Because we encounter multicollinearity problems in our data between (years since PhD and years service). In this section of the analysis, we are going to focus on estimating which variables should be included in the fitted multiple linear model. In this case, we applied subset wise selection. The output for this section is as follows:
salary.bwd<-regsubsets(salary~.,data=Salaries1)
salary.sum<-summary(salary.bwd)
par(mfrow=c(2,2))
plot(salary.sum$rss,xlab="Number of Variables",ylab="RSS",type="l")
plot(salary.sum$adjr2,xlab="Number of Variables",ylab="Adjusted RSq",type="l")
which.max(salary.sum$adjr2)
## [1] 6
points(6,salary.sum$adjr2[6],col="red",pch=20)
plot(salary.sum$cp,xlab="Number of Variables",ylab="Cp",type="l")
which.min(salary.sum$cp)
## [1] 5
points(5,salary.sum$cp[5],col="red",pch=20)

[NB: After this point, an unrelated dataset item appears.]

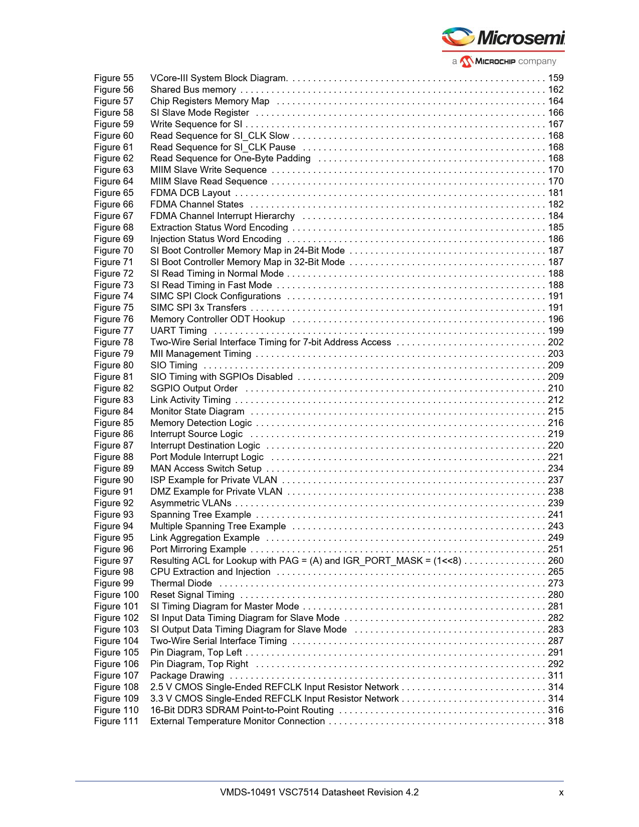 Línea de modelo para esta hoja de datos Versión de texto del documento link to page 174 link to page 177 link to page 179 link to page 181 link to page 182 link to page 183 link to page 183 link to page 183 link to page 185 link to page 185 link to page 196 link to page 197 link to page 199 link to page 200 link to page 201 link to page 202 link to page 202 link to page 203 link to page 203 link to page 206 link to page 206 link to page 211 link to page 214 link to page 217 link to page 218 link to page 224 link to page 224 link to page 225 link to page 227 link to page 230 link to page 231 link to page 234 link to page 235 link to page 236 link to page 249 link to page 252 link to page 253 link to page 254 link to page 256 link to page 258 link to page 264 link to page 266 link to page 275 link to page 280 link to page 288 link to page 295 link to page 296 link to page 297 link to page 298 link to page 302 link to page 306 link to page 307 link to page 326 link to page 329 link to page 329 link to page 331 link to page 333 Figure 55 VCore-III System Block Diagram. 159 Figure 56 Shared Bus memory . 162 Figure 57 Chip Registers Memory Map . 164 Figure 58 SI Slave Mode Register . 166 Figure 59 Write Sequence for SI . 167 Figure 60 Read Sequence for SI_CLK Slow . 168 Figure 61 Read Sequence for SI_CLK Pause . 168 Figure 62 Read Sequence for One-Byte Padding . 168 Figure 63 MIIM Slave Write Sequence . 170 Figure 64 MIIM Slave Read Sequence . 170 Figure 65 FDMA DCB Layout . 181 Figure 66 FDMA Channel States . 182 Figure 67 FDMA Channel Interrupt Hierarchy . 184 Figure 68 Extraction Status Word Encoding . 185 Figure 69 Injection Status Word Encoding . 186 Figure 70 SI Boot Controller Memory Map in 24-Bit Mode . 187 Figure 71 SI Boot Controller Memory Map in 32-Bit Mode . 187 Figure 72 SI Read Timing in Normal Mode . 188 Figure 73 SI Read Timing in Fast Mode . 188 Figure 74 SIMC SPI Clock Configurations . 191 Figure 75 SIMC SPI 3x Transfers . 191 Figure 76 Memory Controller ODT Hookup . 196 Figure 77 UART Timing . 199 Figure 78 Two-Wire Serial Interface Timing for 7-bit Address Access . 202 Figure 79 MII Management Timing . 203 Figure 80 SIO Timing . 209 Figure 81 SIO Timing with SGPIOs Disabled . 209 Figure 82 SGPIO Output Order . 210 Figure 83 Link Activity Timing . 212 Figure 84 Monitor State Diagram . 215 Figure 85 Memory Detection Logic . 216 Figure 86 Interrupt Source Logic . 219 Figure 87 Interrupt Destination Logic . 220 Figure 88 Port Module Interrupt Logic . 221 Figure 89 MAN Access Switch Setup . 234 Figure 90 ISP Example for Private VLAN . 237 Figure 91 DMZ Example for Private VLAN . 238 Figure 92 Asymmetric VLANs . 239 Figure 93 Spanning Tree Example . 241 Figure 94 Multiple Spanning Tree Example . 243 Figure 95 Link Aggregation Example . 249 Figure 96 Port Mirroring Example . 251 Figure 97 Resulting ACL for Lookup with PAG = (A) and IGR_PORT_MASK = (1<<8) . 260 Figure 98 CPU Extraction and Injection . 265 Figure 99 Thermal Diode . 273 Figure 100 Reset Signal Timing . 280 Figure 101 SI Timing Diagram for Master Mode . 281 Figure 102 SI Input Data Timing Diagram for Slave Mode . 282 Figure 103 SI Output Data Timing Diagram for Slave Mode . 283 Figure 104 Two-Wire Serial Interface Timing . 287 Figure 105 Pin Diagram, Top Left . 291 Figure 106 Pin Diagram, Top Right . 292 Figure 107 Package Drawing . 311 Figure 108 2.5 V CMOS Single-Ended REFCLK Input Resistor Network . 314 Figure 109 3.3 V CMOS Single-Ended REFCLK Input Resistor Network . 314 Figure 110 16-Bit DDR3 SDRAM Point-to-Point Routing . 316 Figure 111 External Temperature Monitor Connection . 318 VMDS-10491 VSC7514 Datasheet Revision 4.2 x Document Outline 1 Revision History 1.1 Revision 4.2 1.2 Revision 4.1 1.3 Revision 4.0 1.4 Revision 2.1 1.5 Revision 2.0 2 Product Overview 2.1 General Features 2.1.1 Layer 2 Switching 2.1.2 Layer 2 Multicast 2.1.3 Quality of Service 2.1.4 Security 2.1.5 Management 2.1.6 Product Parameters 2.2 Applications 2.3 Functional Overview 2.3.1 Frame Arrival 2.3.2 Basic and Advanced Frame Classification 2.3.3 Versatile Content Aware Processor (VCAP) 2.3.4 Policing 2.3.5 Layer-2 Forwarding 2.3.6 Shared Queue System and Egress Scheduler 2.3.7 Rewriter and Frame Departure 2.3.8 CPU Port Module 2.3.9 Synchronous Ethernet and Precision Time Protocol 2.3.10 CPU System and Interfaces 3 Functional Descriptions 3.1 Port Numbering and Mappings 3.1.1 Supported SerDes Interfaces 3.1.2 Dual-Media Mode 3.1.3 QSGMII 3.1.4 Miscellaneous Port Muxing 3.1.5 PCIe Mode 3.1.6 Logical Port Numbers 3.2 Port Modules 3.2.1 MAC 3.2.2 PCS 3.3 SERDES1G 3.3.1 SERDES1G Basic Configuration 3.3.2 SERDES1G Loopback Modes 3.3.3 Synchronous Ethernet 3.3.4 SERDES1G Deserializer Configuration 3.3.5 SERDES1G Serializer Configuration 3.3.6 SERDES1G Input Buffer Configuration 3.3.7 SERDES1G Output Buffer Configuration 3.3.8 SERDES1G Clock and Data Recovery (CDR) in 100BASE-FX 3.3.9 Energy Efficient Ethernet 3.3.10 SERDES1G Data Inversion 3.4 SERDES6G 3.4.1 SERDES6G Basic Configuration 3.4.2 SERDES6G Loopback Modes 3.4.3 Synchronous Ethernet 3.4.4 SERDES6G Deserializer Configuration 3.4.5 SERDES6G Serializer Configuration 3.4.6 SERDES6G Input Buffer Configuration 3.4.7 SERDES6G Output Buffer Configuration 3.4.8 SERDES6G Clock and Data Recovery (CDR) in 100BASE-FX 3.4.9 Energy Efficient Ethernet 3.4.10 SERDES6G Data Inversion 3.4.11 SERDES6G Signal Detection Enhancements 3.4.12 High-Speed I/O Configuration Bus 3.5 Copper Transceivers 3.5.1 Register Access 3.5.2 Cat5 Twisted Pair Media Interface 3.5.3 Wake-On-LAN and SecureOn 3.5.4 Ethernet Inline Powered Devices 3.5.5 IEEE 802.3af PoE Support 3.5.6 ActiPHY™ Power Management 3.5.7 Testing Features 3.5.8 VeriPHY™ Cable Diagnostics 3.6 Statistics 3.6.1 Port Statistics 3.6.2 Accessing and Clearing Counters 3.7 Basic Classifier 3.7.1 General Data Extraction Setup 3.7.2 Frame Acceptance Filtering 3.7.3 QoS, DP, and DSCP Classification 3.7.4 VLAN Classification 3.7.5 Link Aggregation Code Ge

plot(salary.sum$bic,xlab="Number of Variables",ylab="BIC",type="l")
which.min(salary.sum$bic)
## [1] 3
points(3,salary.sum$bic[3],col="red",pch=20)
par(mfrow=c(2,2))
plot(salary.bwd,scale="r2")
plot(salary.bwd,scale="adjr2")
plot(salary.bwd,scale="Cp")
plot(salary.bwd,scale="bic")
As we can see subset wise variable selection suggest that we should use the third model according to BIC criterion.While, the adjusted Rssq and CP are pretty close to each other.Suggesting using all 6 variables and 5 variables excluding sex, respectively. However, as we explore in the previous session including all predictor variables could be problematic for our analysis.Therefore, we are going to fit a model using BIC suggestion (rankAssocProf,rankProf and disciplineB). The fitted model is the following:
Final_model<-lm(salary~rank+discipline,data=Salaries1)
summary(Final_model)
##
## Call:
## lm(formula = salary ~ rank + discipline, data = Salaries1)
##
## Residuals:
## Min 1Q Median 3Q Max
## -65990 -14049 -1288 10760 97996
##
## Coefficients:
## Estimate Std. Error t value Pr(>|t|)
## (Intercept) 71944 3135 22.948 < 2e-16 ***
## rankAssocProf 13762 3961 3.475 0.000569 ***
## rankProf 47844 3112 15.376 < 2e-16 ***
## disciplineB 13761 2296 5.993 4.65e-09 ***
## ---
## Signif. codes: 0 '***' 0.001 '**' 0.01 '*' 0.05 '.' 0.1 ' ' 1
##
## Residual standard error: 22650 on 393 degrees of freedom
## Multiple R-squared: 0.445, Adjusted R-squared: 0.4407
## F-statistic: 105 on 3 and 393 DF, p-value: < 2.2e-16
44.07% of the variability in Salary can be explained by the fitted multiple linear regression model. Also we can see all variables are significant and the p-value of the overall test is significant as well. To explore how good is the model we are going to explore the effect of each predictor having adjusted the effect of the other predictor variables. The output is shown below:
avPlots(Final_model)
The added variable plots tells us that discipline and rank are significant in the analysis of salary. Therefore,we should consider having them in the model since they have a steady positive relation with salary.